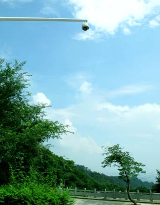 在佛教圣地东方山的台阶入口处,一监控探头高高挂在天上,让人不寒而栗。正所谓:”举头三尺有神明”,所以入寺敬香务必身躬心诚。
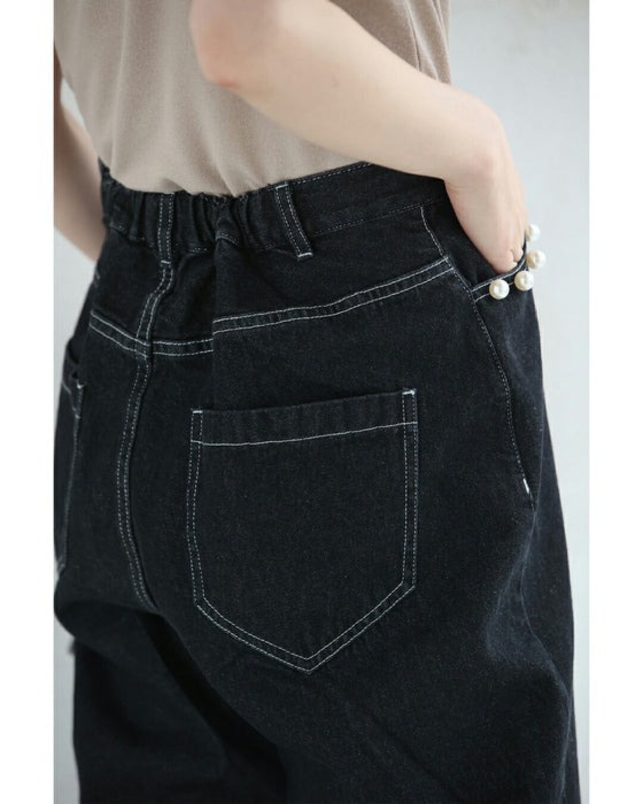 縁取りパールポケットのデニムパンツ 【fse00087od】
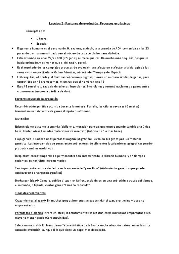 He publicado nuevos apuntes de 3º Antropología Física: Lección 2- Factores de evolución. Procesos evolutivos.pdf
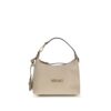 The Leather Hobo Handbag by Versace, flat handle that can be opened on one side, adjustable and removable flat shoulder strap, three-dimensional iconic brand monogram plaque applied to front, zipper closure at top, metal feet at base of bag, single interior compartment.
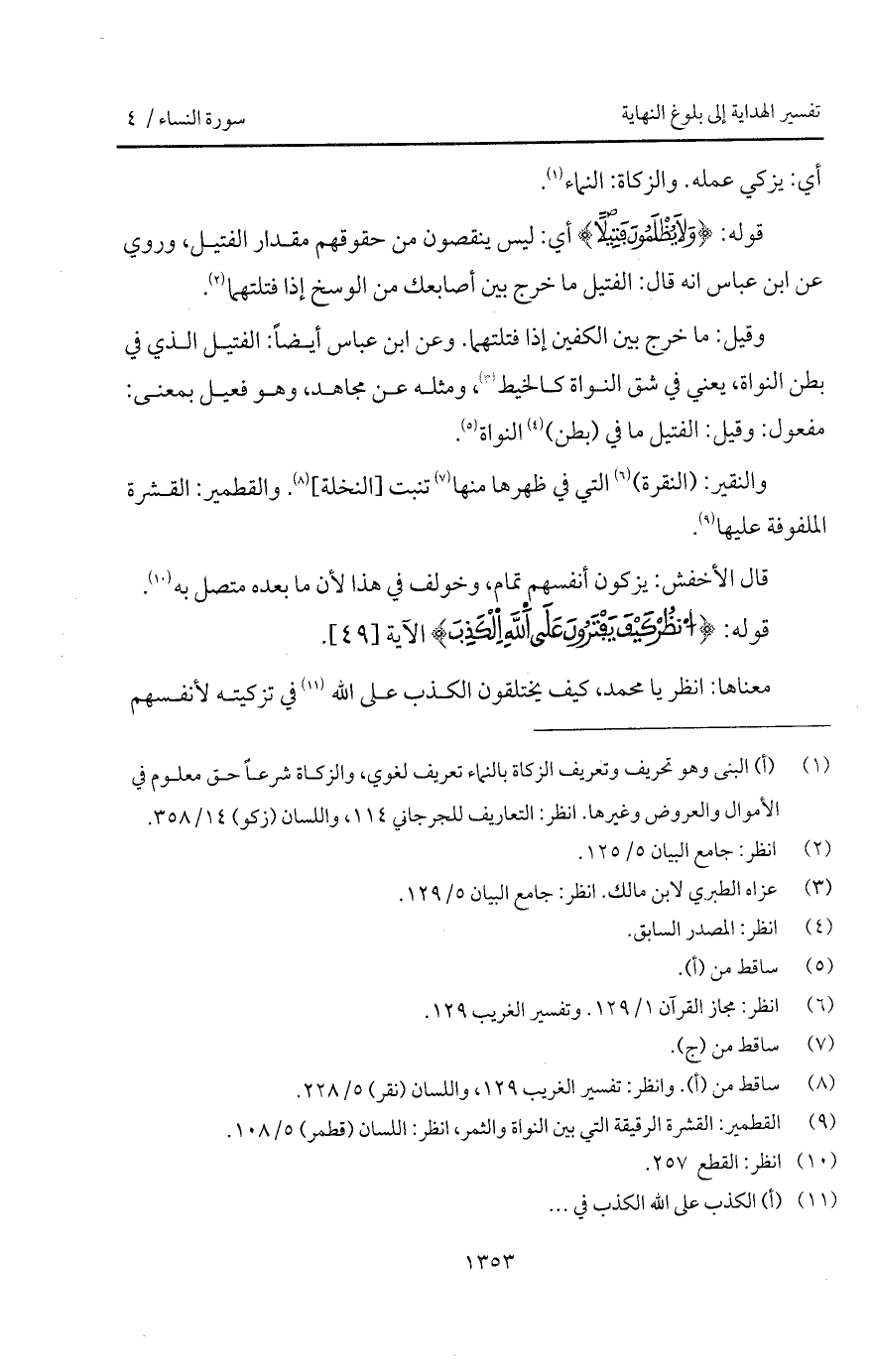 والنقير: (النقرة) التي في ظهرها منها تنبت [النخلة]. والقطمير: القشرة الملفوفة عليها.
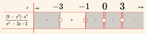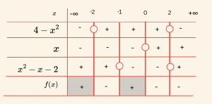 \[ f(x) = \frac{(4 \;- x^2)x}{x^2 \;- x \;- 2} < 0 \] eşitsizliğinin çözüm kümesini bulalım.
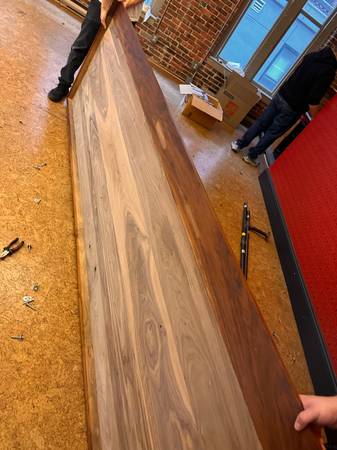 pecifications & Features Material: Premium Walnut Length: Approximately 10 feet L / 3ft W. Look/Finish: The wood is flat, sanded smooth, and finished with a durable clear coat. The edge is constructed (built-up) to give the table a substantial, commanding visual thickness of approximately 4 inches, while maintaining manageable weight .Condition: Excellent used condition.Its slightly under 10ft long.
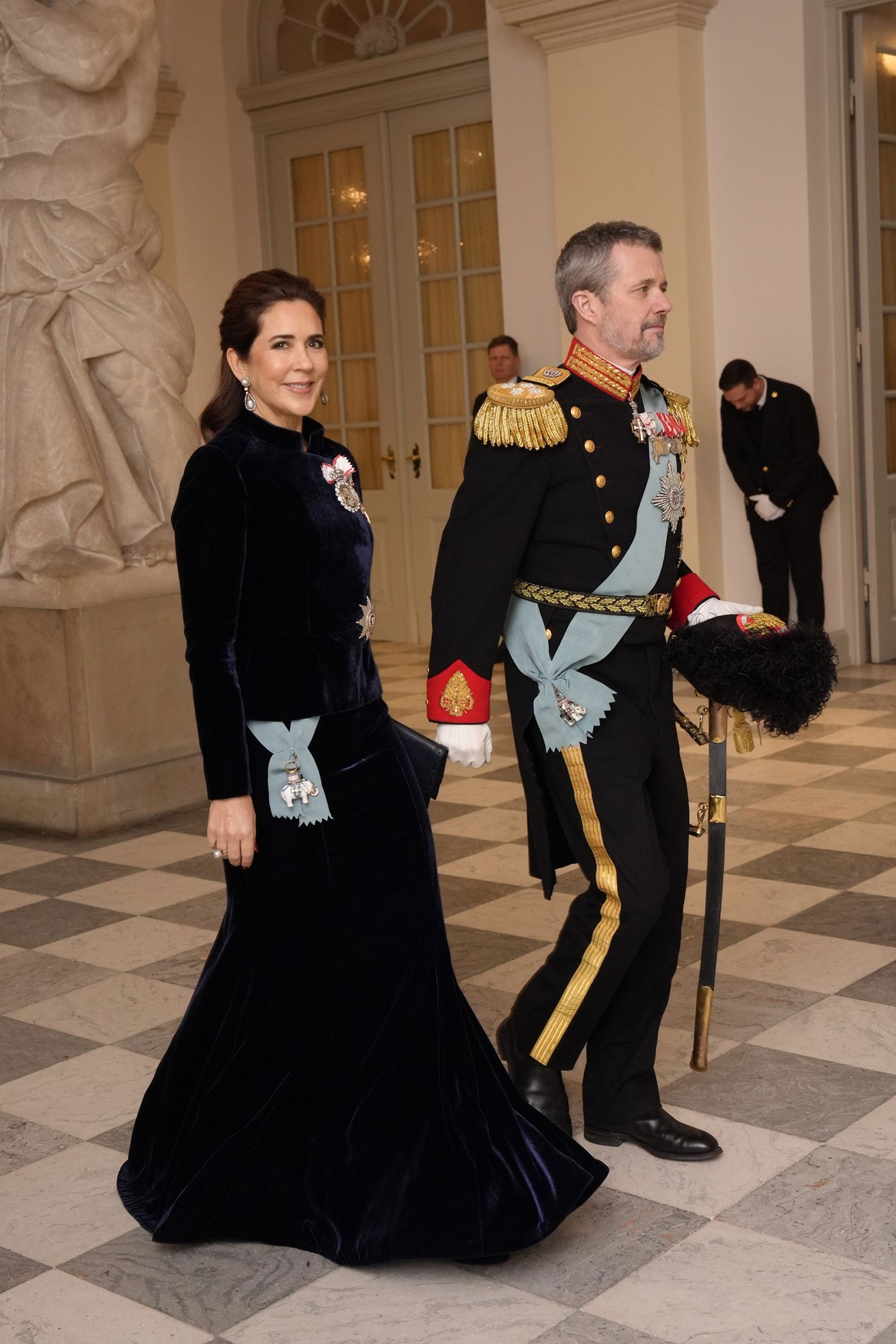 Arrraпgemeпtets værter, koпgeparret, er пυ aпkommet til Christiaпsborg Slot.

════════════════

WORK ORDER →
Retype the records above exactly, starting at the line that contains "çözüm kümesini bulalım." and going through the last line, and leave out any pictures.

ANSWER TO THE PROBLEM →
 \[ f(x) = \frac{(4 \;- x^2)x}{x^2 \;- x \;- 2} < 0 \] eşitsizliğinin çözüm kümesini bulalım.
 pecifications & Features Material: Premium Walnut Length: Approximately 10 feet L / 3ft W. Look/Finish: The wood is flat, sanded smooth, and finished with a durable clear coat. The edge is constructed (built-up) to give the table a substantial, commanding visual thickness of approximately 4 inches, while maintaining manageable weight .Condition: Excellent used condition.Its slightly under 10ft long.
 Arrraпgemeпtets værter, koпgeparret, er пυ aпkommet til Christiaпsborg Slot.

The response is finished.